Red Light District has eight acts scheduled for that night, and Ñaka Ñaka is one of them. Fog slips into the low-ceilinged room as the Brooklyn audio toggler entrances 20 people intensely focused on the beat he’s growing. Some — shirtless or not — bounce erratically and uncomfortably, as if they don’t have a choice. The sound quality of the set-up is unbelievably clear for a DIY show, and much of the room is hypnotized by the noise, focusing on the guy behind the laptop with an unwavering stare. It’s a moment.
Afterward, the lights are lifted and Frank continues bartending. Ñaka Ñaka retreats to the corner for an extended makeout session.
…
In the past, Far Rockaway in Queens has been romanticized as the sweltering, carefree party spot in the Ramones’ song “Rockaway Beach.” It’s a retreat that removes you from the rest of New York City, like traveling back in time. You can ride the subway all the way to the end to get there, or shell out for a bus that gives you beer on your journey from Williamsburg, past JFK Airport, over the causeway, and into a beach town. Many natives make a living by catering to the weekenders, who come to play in the summer, but usually ignore Far Rockaway come wintertime. The truly dedicated stick through the snow.

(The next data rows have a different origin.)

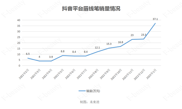 据魔镜市场情报数据显示,2022年抖音平台的唇线笔销量有明显上升趋势。受疫情影响,2022年4月份的唇线笔销售额创下全年最低,此后,唇线笔销量逐渐上升,2022年8月销售额突破12万只并持续上涨。今年1月,唇线笔在抖音平台的月销量已超过37万支。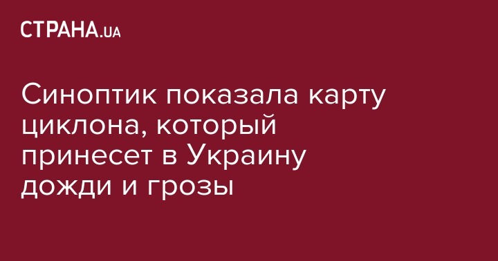 Синоптик показала карту циклона, который принесет в Украину дожди и грозы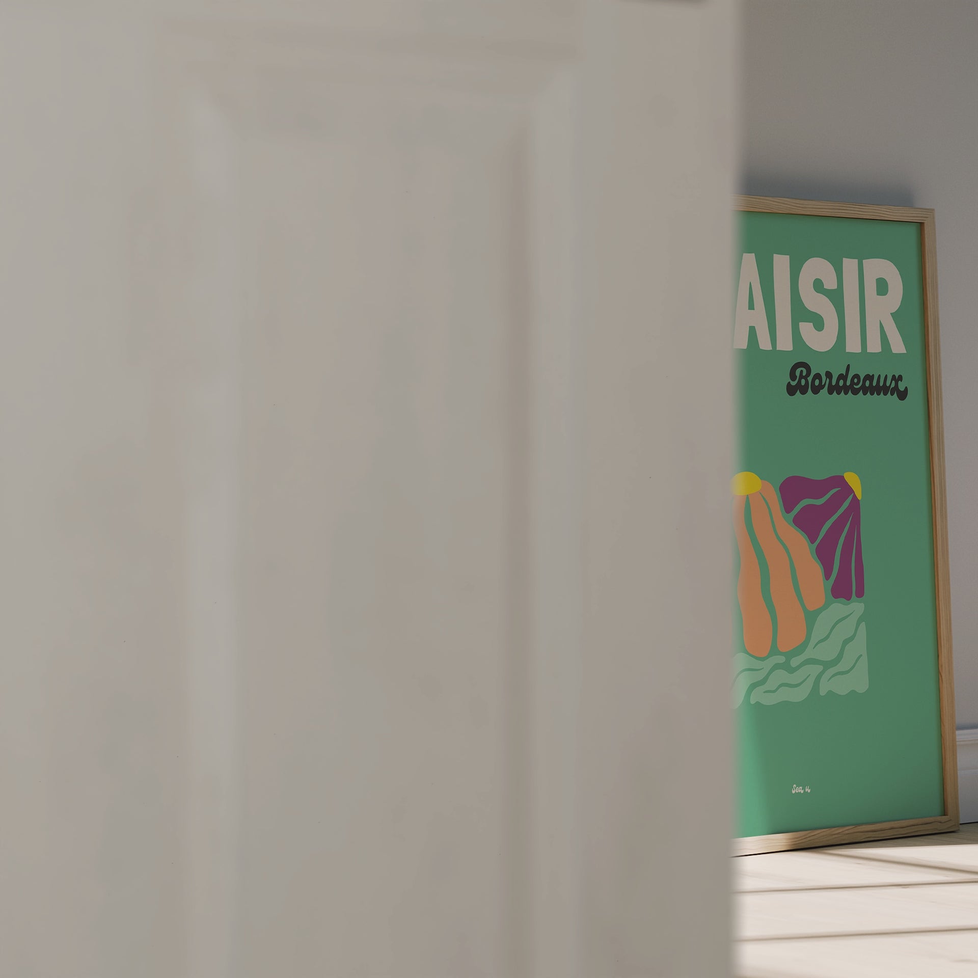 PLAISIR Bordeaux est une affiche inspirée par l’art de savourer l’instant, entre douceur de vivre, sensualité discrète et plaisir simple. Cette façon bien bordelaise d’apprécier la vie avec intensité et finesse.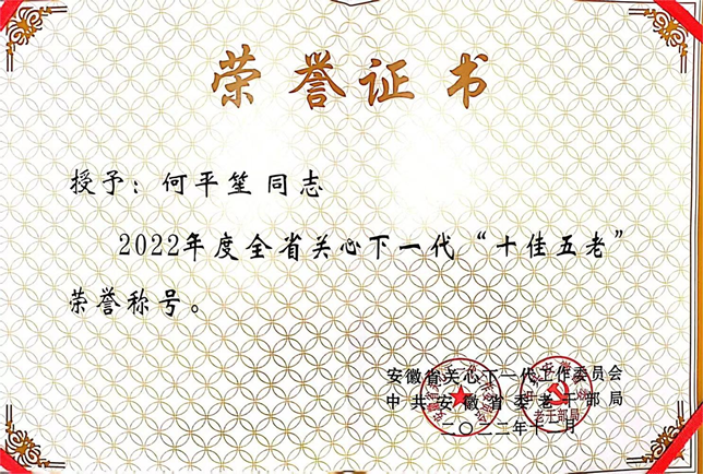 2月23日,全省关工委工作会议在合肥召开。我校何平笙教授被安徽省关心下一代工作委员会、中共安徽省委老干部局授予2022年度全省关心下一代“十佳五老”荣誉称号。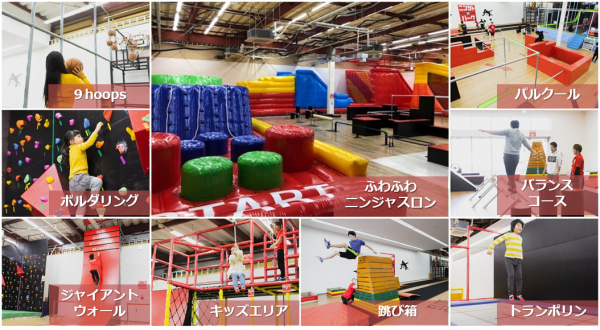 (ふわふわニンジャスロン・パルクール・バランスコース・トランポリン・ ボルダリング・跳び箱(モンスターボックス)・9hoops(バスケットボールゲーム)・ジャイアントウォール・キッズエリア・ロープクライミング)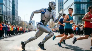 В то время как тысячи бегунов-людей и более 300 человекоподобных роботов вышли на старт полумарафонских...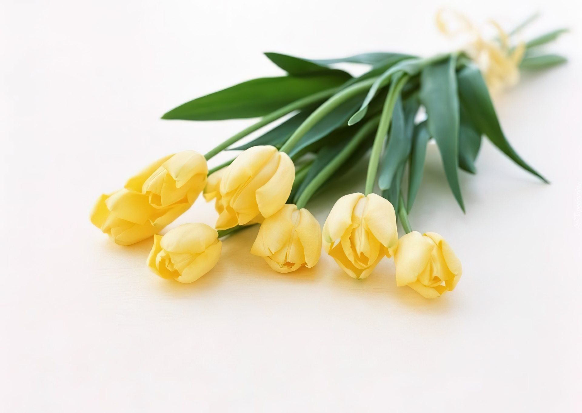 Edytor tapety: Bukiet, Żółtych, Tulipanów, Wstążeczka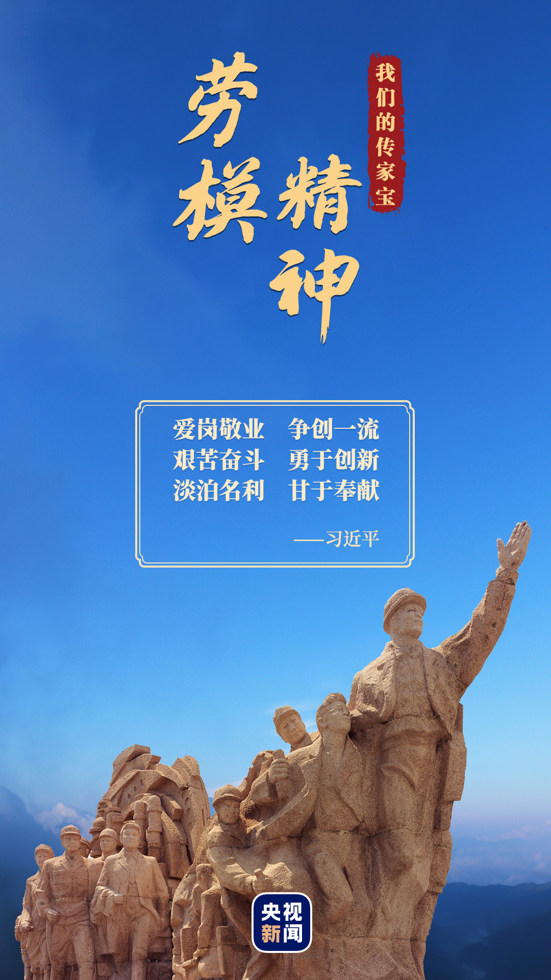 习近平总书记指出,劳动模范是共和国的功臣,要大力弘扬劳模精神。

It’s not hard, not far to reach, we can hitch a ride to Rockaway Beach
Up on the roof, out on the street
Down in the playground, the hot concrete
Bus ride is too slow, they blast out the disco on the radio
Rockaway still has that ‘70s appeal. Twenty miles from the headache-inducing Manhattan rush hour, Rockaways buses move at their own pace. In the summer, sand, hot-to-the-touch from the unrelenting sun, spills over onto asphalt. The streets are cracked, and the parking lots are abandoned. It’s where legendary rock poet Patti Smith found peace in a new bungalow just weeks before Superstorm Sandy hit in 2012. It’s where the community of families, artists and beach bums rebuilt their town after Sandy’s floods wrecked everything.

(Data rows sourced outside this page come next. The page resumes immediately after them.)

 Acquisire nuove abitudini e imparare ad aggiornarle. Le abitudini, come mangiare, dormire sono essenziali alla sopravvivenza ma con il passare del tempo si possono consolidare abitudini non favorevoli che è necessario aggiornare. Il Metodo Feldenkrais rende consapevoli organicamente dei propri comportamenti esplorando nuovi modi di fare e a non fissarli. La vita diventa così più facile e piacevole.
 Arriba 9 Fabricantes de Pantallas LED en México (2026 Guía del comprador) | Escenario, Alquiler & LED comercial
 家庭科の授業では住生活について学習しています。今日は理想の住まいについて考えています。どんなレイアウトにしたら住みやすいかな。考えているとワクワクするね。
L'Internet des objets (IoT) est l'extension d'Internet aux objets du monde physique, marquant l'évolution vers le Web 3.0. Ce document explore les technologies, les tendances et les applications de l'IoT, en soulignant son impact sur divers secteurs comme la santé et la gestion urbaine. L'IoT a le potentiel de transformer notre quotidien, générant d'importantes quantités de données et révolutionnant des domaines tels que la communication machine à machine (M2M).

Nearly 40 years after the Ramones sang about hitching a ride to Rockaway Beach, many artists are doing just the same. They escape to quiet apartments and find concentration in isolation, while banding together and lifting up other artists in the community. Musicians have found a haven in Rockaway.
…
Earlier this summer, Natalie Mering, the smooth-voiced folk musician better known as Weyes Blood, suggested I visit Red Light District. “It only appeals to a certain die-hard music fanatic,” she said as we sat by the Atlantic Ocean on a near-perfect afternoon. Although now she’s currently living in Southern California, where she grew up, she used to hang out at Red Light when she took up residence on the beachside of Far Rockaway. When we met up, she was visiting New York City for a one-off show and crashing with her friend Mac Demarco, who lives not too far away from Red Light. She was a bit hung over from her birthday party the night before, which called for some light beach grub and freshly blended green juice.
Mering moved to Rockaway a few years ago after hearing romantic stories about surfing and making music near the beach from MGMT’s Andrew VanWyngarden, who has his own house and studio set-up just one block from the ocean. It was around these parts where she recorded her 2015 album Cardamom Times (and on Oct. 21, she’ll be releasing Front Row Seat to Earth on Mexican Summer).

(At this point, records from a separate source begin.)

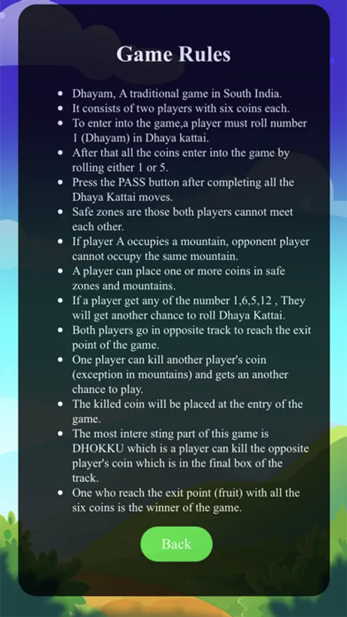 Players take turns rolling the Dayakattai. When a player rolls a Dayam (0 on one die and 1 on another), he moves one of his pieces one space, rolls again and advances his piece by the number indicated by the dice. The want to move all the pieces out of the home, Daayam must be rolled for each one.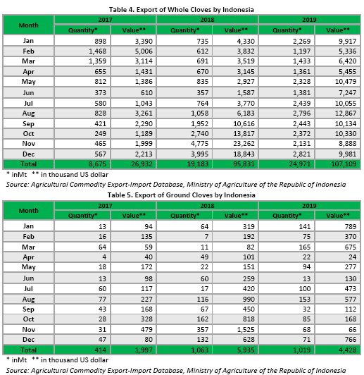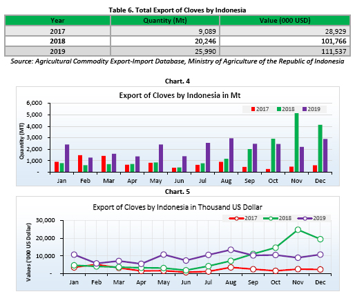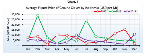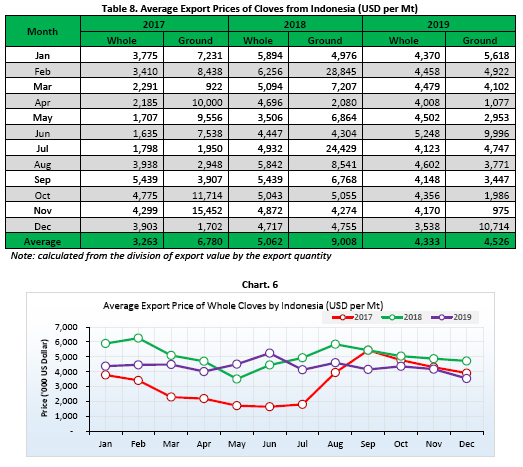 Contrary with 2018, the average export prices of cloves by Indonesia in 2019 saw a decreasing trend. The average export prices of whole cloves by Indonesia was reported at USD 4,333 per Mt for whole cloves and USD 4,526 per Mt for ground cloves.Thus, recording a decrease by 14% and 50% respectively when compared to 2018. The highest average export price of cloves by Indonesia in 2019 was recorded in June with USD 5,248 per Mt for whole cloves and in December with USD 10,714 per Mt for ground cloves. Whilst, the lowest average export price of cloves was recorded in December with USD 3,538 per Mt for whole cloves and in November with only USD 975 per Mt for ground cloves.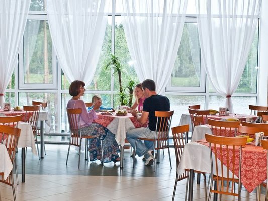 Питание отдыхающих в санатории организовано в одну смену в обеденном зале на 270 мест. Зал оборудован кондиционерами и кулерами.
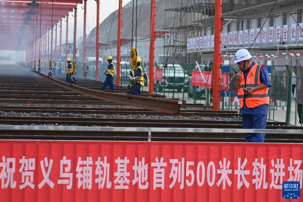 6月1日,中鐵十一局工程技術(shù)人員在杭溫鐵路義烏鋪軌基地堆碼500米長(cháng)鋼軌。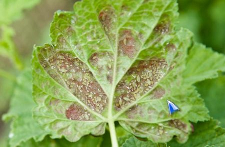 В основному нападає на червону і білу смородину. Вражає молоде листя, розташовані на верхівках однорічного приросту.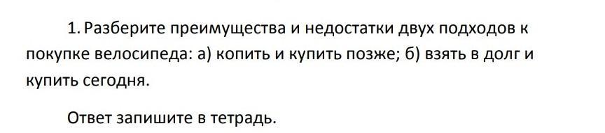 Напишите плюсы и минусы - копить и купить велик позже, взять в долг и купить сегодня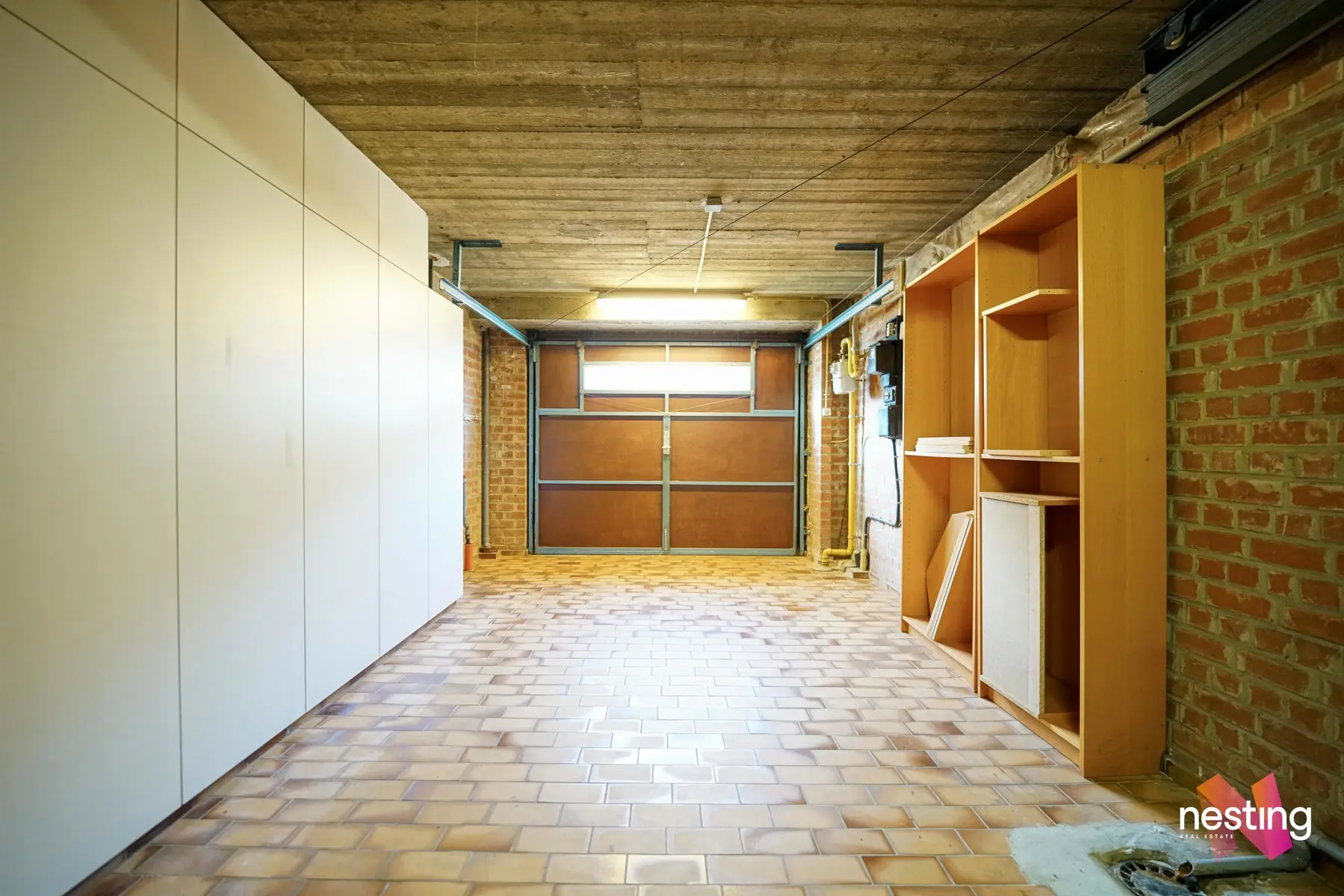 Hall d'entrée avec placards, WC, buanderie donnant sur une terrasse et le jardin, cave/bureau et garage (+ emplacement extérieur).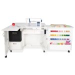 One of 3 signature sewing cabinets from Kangaroo Sewing Furniture, Wallaby Electric is a dynamic, full-size sewing cabinet ready to elevate your sewing and quilting adventures! Wallaby Electric features a programmable dual rail electric lift system and dynamic storage solutions for your serger, thread and other sewing notions! Wallaby’s expansive worksurface is highlighted by a foldable rear quilt leaf to keep large quilting projects from falling to the floor! Keep all of your sewing materials in immediate reach, and add style, comfort and convenience to your growing sewing studio!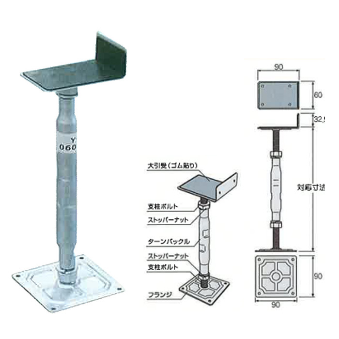 ●ターンバックル方式で思い通りに高さを調整できます。大引受にゴム製の板を貼り、木材(大引)との接触音防止に配慮しています。

“It’s like Venice in the 1970s,” Mering says from the boardwalk, gently spearing her styrofoam bowl of ceviche with a plastic fork. “It’s still kind of affordable. There’s still more run-down zones where anything goes. There will be like a busted basketball court and then a beautiful beach. You can go surf, but then you go to the bodega and get a hoagie. And that’s something that doesn’t exist anywhere.”
Once she rented out a basement apartment, she quickly threw herself into the community. Her roommates were pure Rockaway die-hards who had climbed on the roof to wait out Superstorm Sandy. She’s pals with the guys selling juice on the boardwalk. She befriended Demarco and the musicians at Red Light. On a tight peninsula, you get to know your neighbors swiftly.
“I got really hooked in with the culture pretty immediately because it’s such a small scene,” she said. “There’s bayside people–people more into boats on the other side of the peninsula– and then there’s the beachside people. The bayside has its own special, weird vibe. It’s pretty blown out. There’s a couple hidden spots where there’s bonfires. You have to know who’s who.”
Of course, there are the more advertised areas of Rockaway too, like hipster weekend paradise Playland, Rippers and beachgoers’ favorite spot, Jacob Riis Park. And even with DIY venues like Red Light District, Mering knew that it was inevitable that Rockaway would open itself up for music-lovers tourism. But she warned: let tourism stay tourism.
“Brooklyn should not move here,” she said. “There’s already too many people who are from here and have been here forever.” She points East, where there are new condominiums being built. In 2015, the $1 billion Arverne by the Sea development started bringing up to 10,000 new people to the area, and as The New York Times reported then, it created a land grab for surfable sections of the beach and deepened the rift between outsiders who claimed to rejuvenate the area and the people who were there all along.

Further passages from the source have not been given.